Project Blog Page: https://ab20cs.github.io/projects/news_engagement/
Social media has become a medium to facilitate crowd engagement with the news. Large fractions of the public now get their morning headlines by simply reading stories reposted by others on their social media feed (using platforms like Reddit). It is important to understand the mechanism by which news is popularized on social media in hopes that these platforms can adjust their algorithms and policies to limit the spread of misinformation. To gain insight into how news is popularized on Reddit, we investigated whether various factors (such as changing the header when sharing an article, negative sentiment in the shared article and the time of day at which the post was made) are correlated with increased engagement with the posts that share news articles.
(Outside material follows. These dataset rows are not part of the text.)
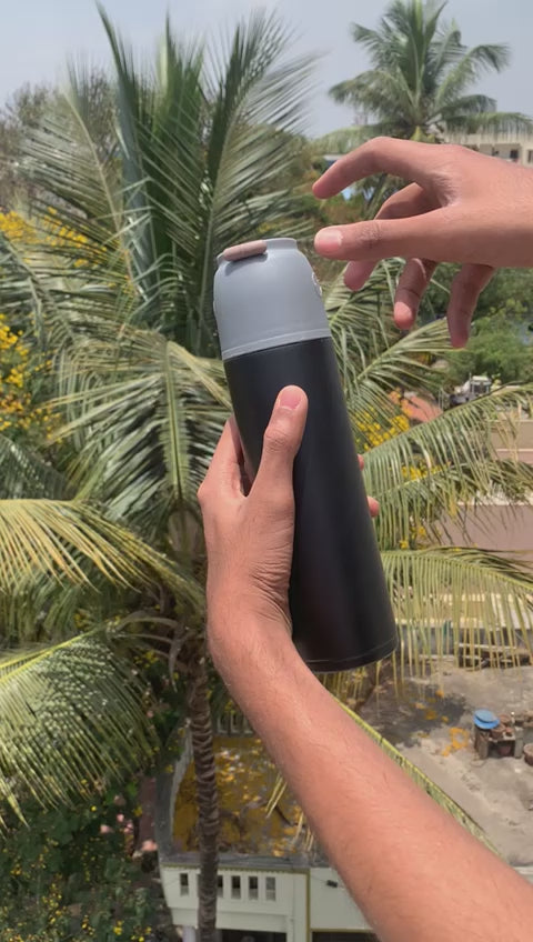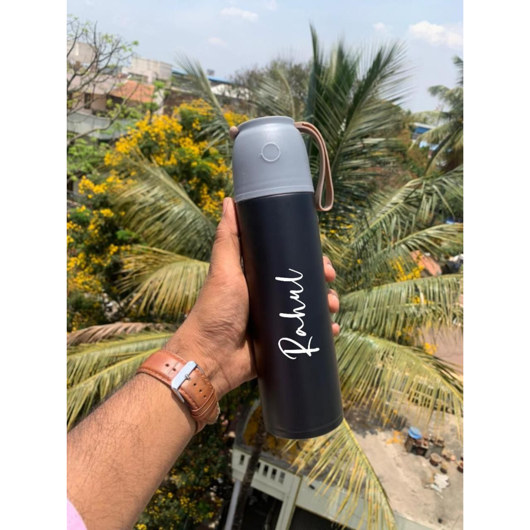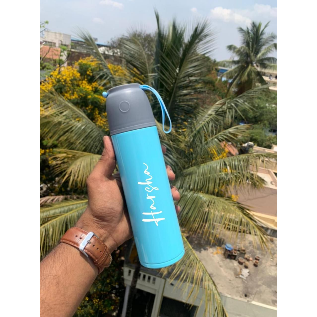 Stay updated with the hot and cold flask's latest versions. It comes with a rubber string on the cap. It can be customized with your name and can hold up to 500ml of water. Order Now. Available in Black & Sky-Blue color.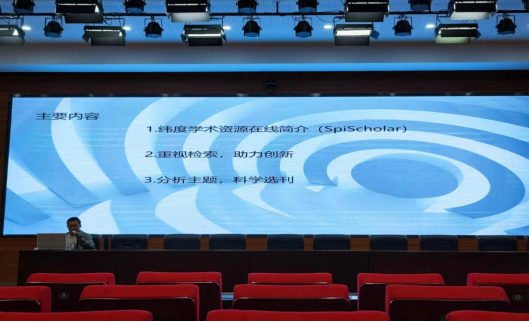 本次讲座,康虎兵讲师依托SpiShcolar学术资源在线平台,着重对其使用方法、文献检索、主题选刊三个方面进行宣讲。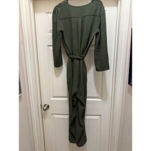 Fraiche by J Olive Green Wrap Waist Tie Jumpsuit Women Size L

We analyzed how these trends differ between news subreddits from around the world to better understand if local culture may play a role in news engagement.
Changing the title of an article when sharing it on Reddit, the degree of negative sentiment in the news article being shared and the time of day at which a news article is posted on Reddit are all correlated with increased activity on the post.
- When posting a link to a news article on Reddit, does making the title of the post different from the original article title impact the activity on the post? If there is an influence, how does this influence differ from region-to-region?
- Is the sentiment of a news article shared on Reddit correlated with the activity on the post in subreddits around the world? If so, how does this relationship differ across subreddits?
- Is the time of day at which a news article was shared on Reddit correlated with the activity on the posts?
We used the Python Reddit API Wrapper (PRAW) which scrapes posts from any subreddit. To use access this data, one must have Reddit account and set up an "application for personal use" through the Reddit Preferences - Apps page. By passing the credentials for this app (i.e., client_id, client_secret, user_agent, username, password) into the API and calling the subreddit.hot()
function, we can fetch up to 1000 of the top posts from a given subreddit. This fetched data is stored in a Pandas DataFrame.
By passing the URLs through the extract
function implemented in the Goose3 library, we can extract necessary information about the article linked (including the article title and content). Any rows whose article is behind a paywall cannot be accessed by Goose3 and has thus been removed from our dataset.
We used PRAW to scrape the r/canadanews, r/usnews, r/EUnews and r/ausnews.
We used the Goose3 library to extract the original titles of the articles. To model title similarity, the embeddings of the original titles and their corresponding post titles were constructed using SentenceTransformer's all-MiniLM-L6-v2
pre-trained model and the cosine similarity between these embeddings were computed. To visualize the distributions of the title similarity values, we constructed a pair of violin plots. One plot shows the distributions split by activity (i.e., one boxplot for posts with activity at or above the 99th percentile [“high” group] and another for posts with activity at or below the 50th percentile [“low” group]). T-tests and Bartlett tests were then used to determine whether there was a signicant difference in the mean and variance (respectively) of the title similarities between the "high" and "low" groups.
We used the Python Goose3 extract
function to fetch the body text of each article. After extraction, these texts were fed into Python-SentiStrength which scored each article's sentiment on a scale of -5 (extremely negative) to +5 (extremely positive). Similar methods with violin plots, T-tests and Bartlett tests that were used with the headline changing analysis were used to analyze the impact of sentiment on engagement.
In each dataset constructed, there is a column named created
which holds the date/time stamp (in the UTC timezone, represented in Unix time) at which each post was made. The fromtimestamp
function implemented in Python's datetime
library was used to convert the Unix time to a readable datetime format. These UTC times were then converted to the local time zones of each subreddit analyzed. For regions where there are multiple time zones, the UTC times were converted to the middle time zone in the region (e.g., for Canada and the US, this was Central Standard Time (CST)). To visualize the trends throughout the day, we constructed line graphs by plotting the mean activity of all posts that were posted during each hour of the day.
Through this study, we made several interesting discoveries. Contrary to our hypothesis (which had been accepted in a paper using data from a decade ago), there is no correlation between changing the title when linking an article on Reddit and activity levels on the post. This finding also underscores the importance of repeating such experiments over time. With the fast changes in the ways information is spread due to technology, the behaviours of users are also shifting. By repeating experiments, we can stay up-to-date on the current state of human behaviour as it relates to engagement with the news. We also discovered that on r/EUnews and r/ausnews, posts with higher activity link to articles with more negative sentiment than articles linked to by lower activity posts (which aligns with our hypothesis). This trend was not observed in r/canadanews and r/usnews, suggesting differences in the factors influencing news popularity among regions. Lastly, our study uncovered patterns which potentially imply that the local time at which posts are made have an influence on the level of activity on the post.
In future studies, in order to verify if these results generalize to a broader scope, similar methodologies should be applied to more news subreddits as well as other social media platforms on which news is shared.